(Stored records)
========================
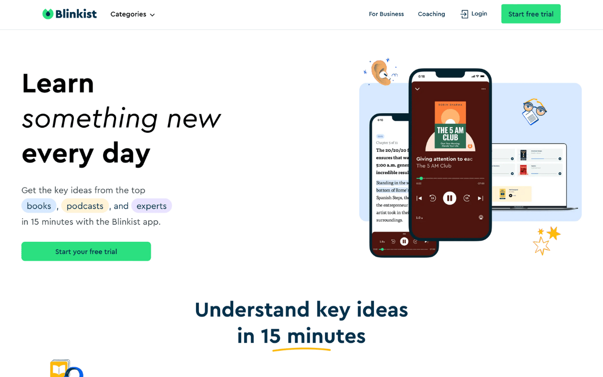 Get the key ideas from the top books, podcasts, and experts in 15 minutes with this app.
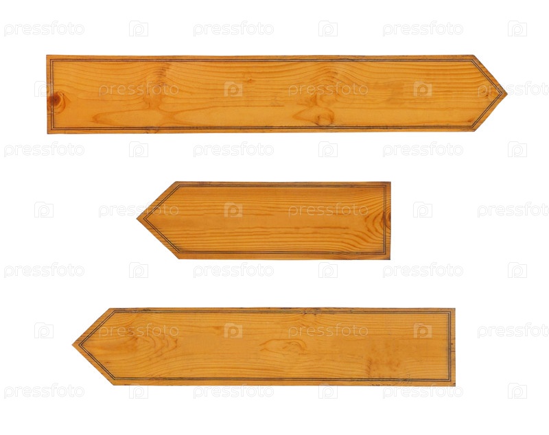 Набор из трех пустых деревянных указателей: длинный, средний, короткий, изолированный на белом фоне
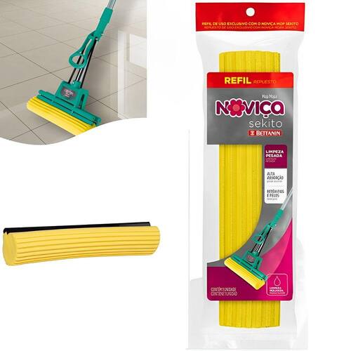 O Refil Mop Sekito da Noviça é ideal para possibilitar mais lavagens e secagens de pisos sem riscar as superfícies. O Noviça Mop Sekito possui uma alavanca, ao puxá-la, espreme a esponja molhada, deixando-a pronta para o uso. Também recolhe pelos de animais e cabelos, além de ser o mop correspondente a esse refil.
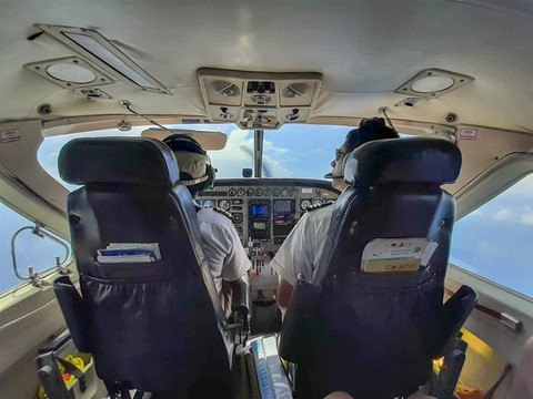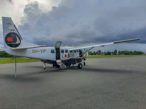 Notre première étape sera quatre jours sur l’Ile de Mafia dans l’archipel de Zanzibar, beaucoup moins touristique que Zanzibar. C’est à 4 que nous prenons ce petit coucou depuis Dar Es Salaam, Pascale et Pascal, Marion et Julie. Au programme, visite tranquille, repos.
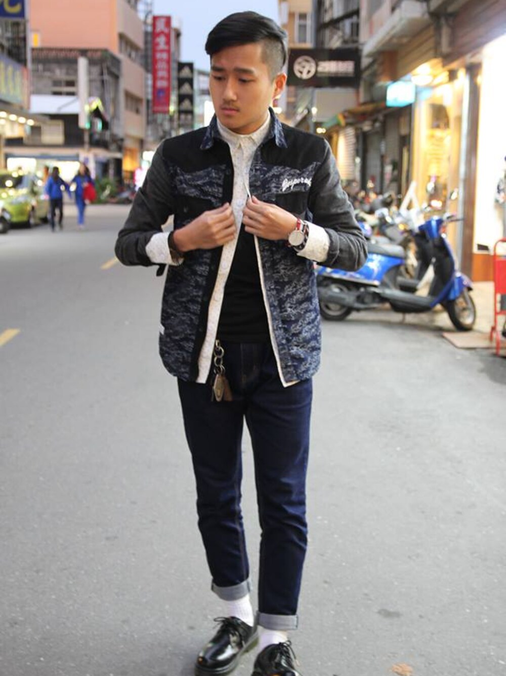 利用白襯衫為內搭,,外搭迷彩黑襯衫,用白襯衫襯托黑襯衫的重點性,而下身搭配白襪襯托上身白襯,整體以襯衫x襯衫,作為重點搭配。
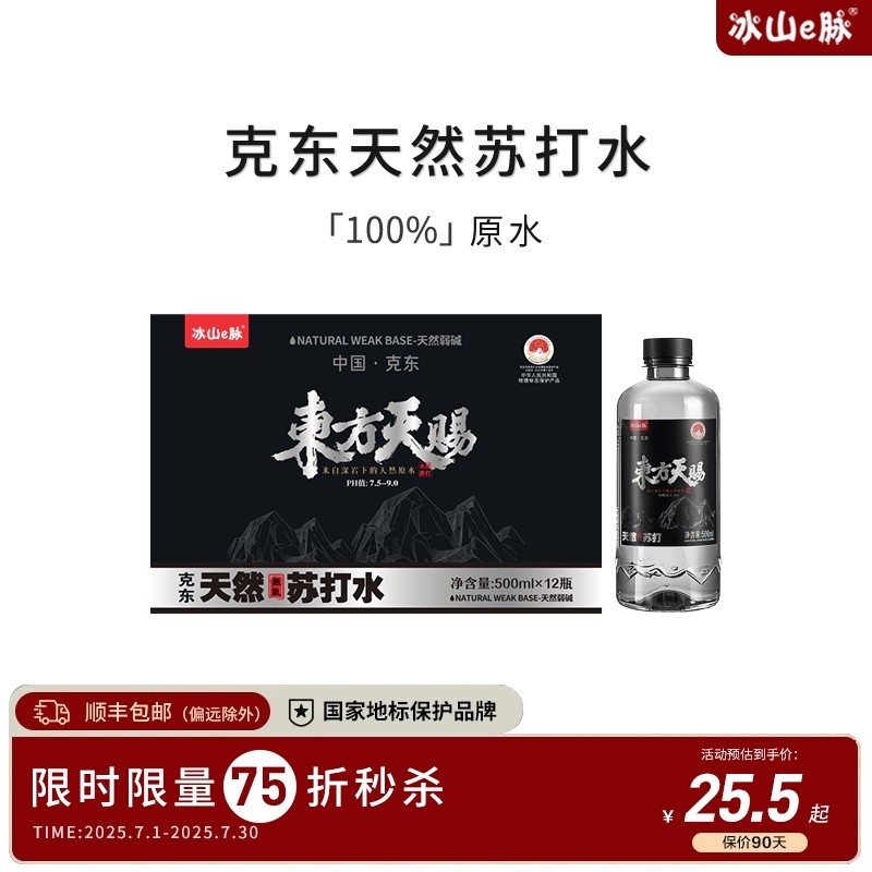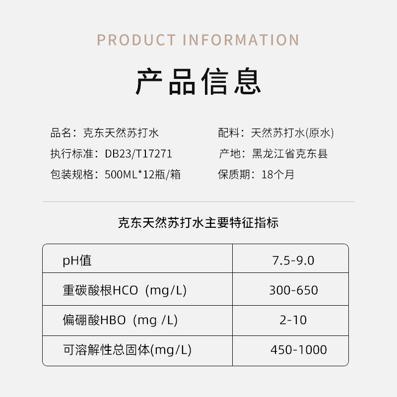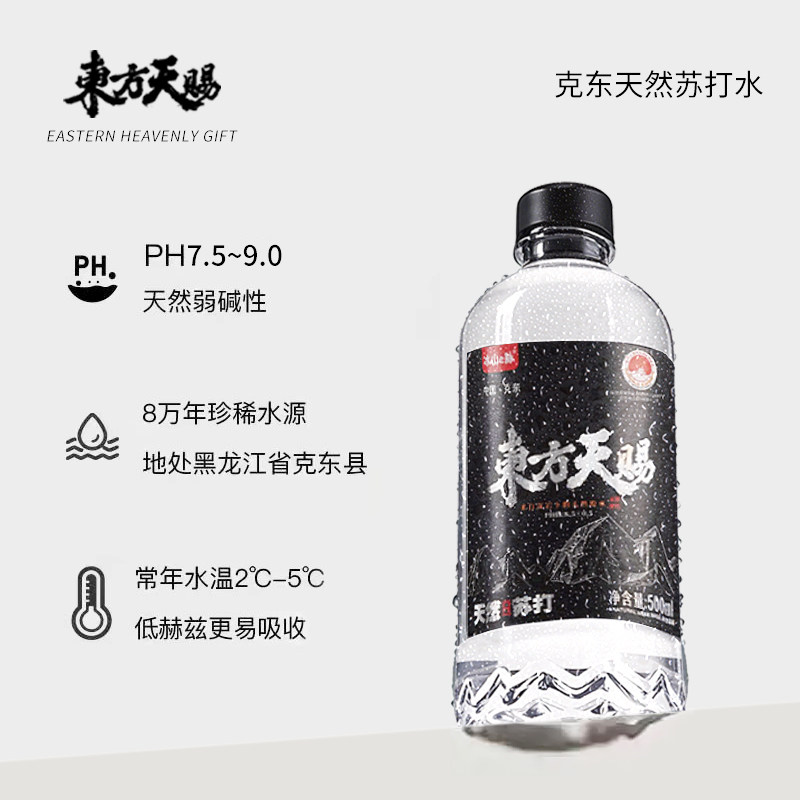 东方天赐克东天然苏打水500ml*12瓶整箱瓶装弱碱性饮用非矿泉水
========================
The task: Every record above should come back exactly, but without its pictures.

Reply:
 Get the key ideas from the top books, podcasts, and experts in 15 minutes with this app.
 Набор из трех пустых деревянных указателей: длинный, средний, короткий, изолированный на белом фоне
 O Refil Mop Sekito da Noviça é ideal para possibilitar mais lavagens e secagens de pisos sem riscar as superfícies. O Noviça Mop Sekito possui uma alavanca, ao puxá-la, espreme a esponja molhada, deixando-a pronta para o uso. Também recolhe pelos de animais e cabelos, além de ser o mop correspondente a esse refil.
 Notre première étape sera quatre jours sur l’Ile de Mafia dans l’archipel de Zanzibar, beaucoup moins touristique que Zanzibar. C’est à 4 que nous prenons ce petit coucou depuis Dar Es Salaam, Pascale et Pascal, Marion et Julie. Au programme, visite tranquille, repos.
 利用白襯衫為內搭,,外搭迷彩黑襯衫,用白襯衫襯托黑襯衫的重點性,而下身搭配白襪襯托上身白襯,整體以襯衫x襯衫,作為重點搭配。
 东方天赐克东天然苏打水500ml*12瓶整箱瓶装弱碱性饮用非矿泉水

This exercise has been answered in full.